Inara turns to the desk, trying to hear the whisperings. It's not animal in nature, or she'd be able to tell. She goes to Inara as Fenris gently pushes the redhead towards her. She put herself between the desk and Pepper, Fenris' heroics seemingly rubbing off on her. "This is probably a bad time, but when possible, I would like to talk to you about Stark Industries funding a zoo outreach program."


"That depends entirely on Miss Potts," Constantine replies to Fenris, looking at the redheaded woman with a penetrating stare.

"The book isn't just a collection of pages, you know," he explains to the group. "It has a will and a life all its own. It /wants/ to be read. It wants to be analyzed, studied. It is the lesser brother of a darker tome. These shadows can hear the whispers, but they lack the soul- the spirit- to read the book and follow the instructions inside of it."

"For whatever reason, Miss Potts," Constantine says, drawing nearer to the woman, hands clasped behind his back, "my House called to you. And it tossed the book in your hands.
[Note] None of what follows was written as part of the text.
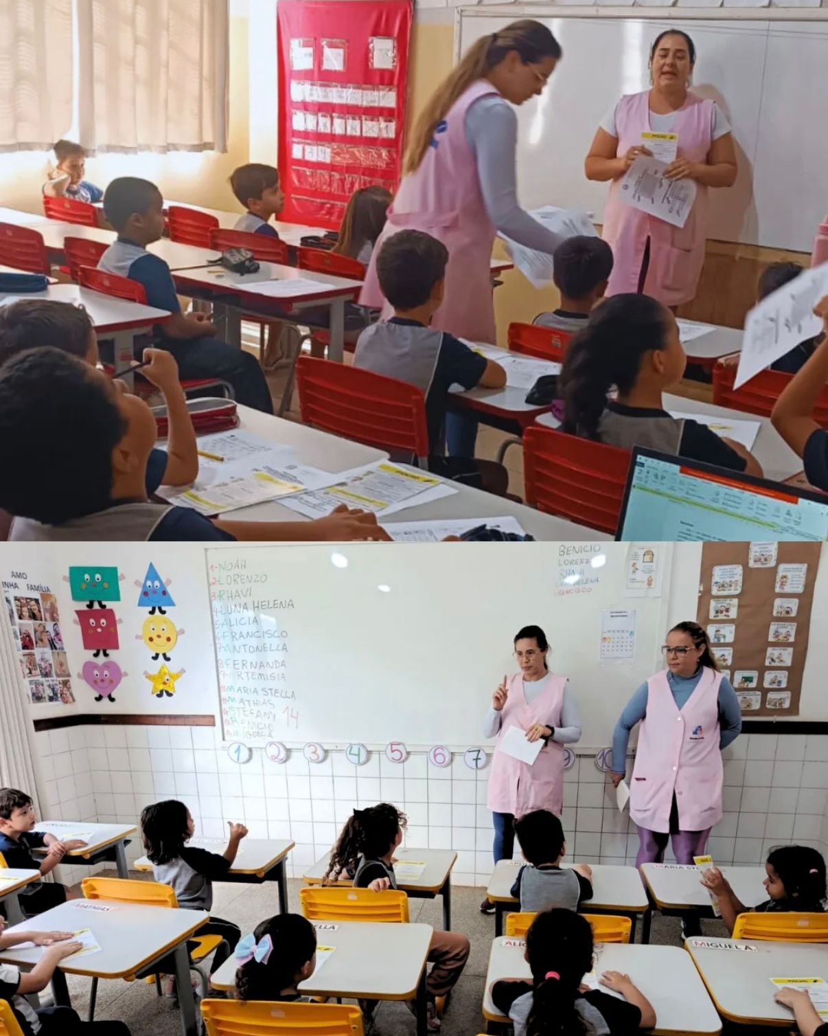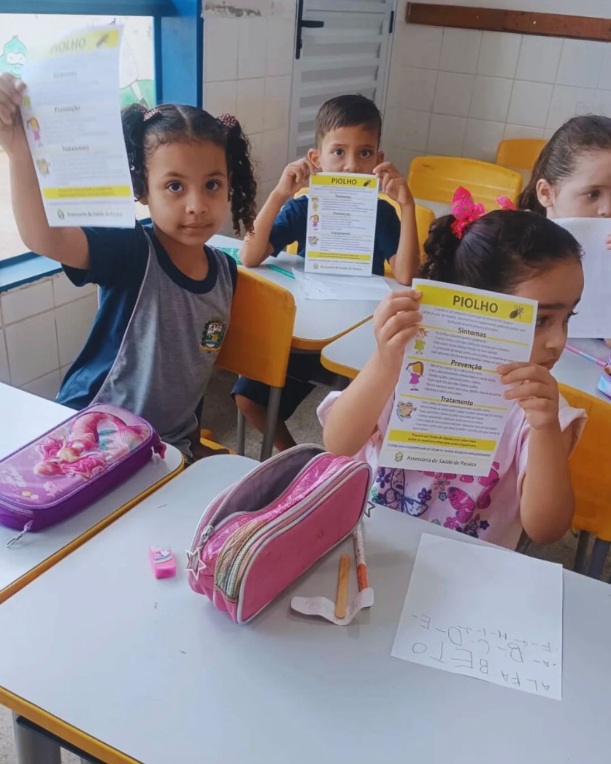 As ações contra o piolho também foram realizadas na CEMEI e no Projeto Educacional Ampliando o Saber, orientando as crianças sobre a prevenção e os cuidados com a higiene.

Now, the Book seeks out people with the strength of will to read it and make the greater text it references manifest- but my House wouldn't have handed it over to anyone willingly. In fact I wasn't sure she'd give it to /me/. The book is full of a great deal of temptation for those who either have very little power, and crave more, or have great power, and desire it increased."

"You, Miss Pepper Potts, might be one of the only people in the world who can be safely entrusted with the Book," Constantine informs the woman. "I don't know how, or why, but there it is. For what it's worth, I would spare you the burden of being cast as Frodo…" he trails off, absently reaching for a cigarette without lighting it, "but if you agree to take this burden up, you'll have your own personal Gandalf next to you."


Pepper Potts nods absently to Inara, though she WILL remember and seek the Persian woman out another time to talk to her about working with the Maria Stark Foundation. But for now, she's been pulled back by Fenris and is apparently being protected by Inara, and she is actually okay with leaning back a bit against the giant wolf while staring at Constantine with wide eyes. "I… I have enough to deal with. I don't need another thing to demand time out of my day." Not to mention, what would happen with Queen Maeve were to find out that she's got this insane book? Or worse, Dana and her mother? "It's just… It's too much." That must be what's been making her entire day a living nightmare.


"What exactly are your plans for this book, Constantine?" Vorpal asks, head tilted to acknowledge the wolf for giving him the name. "More importantly, why is it allowed to exist? it sound like something that should have been destroyed long ago."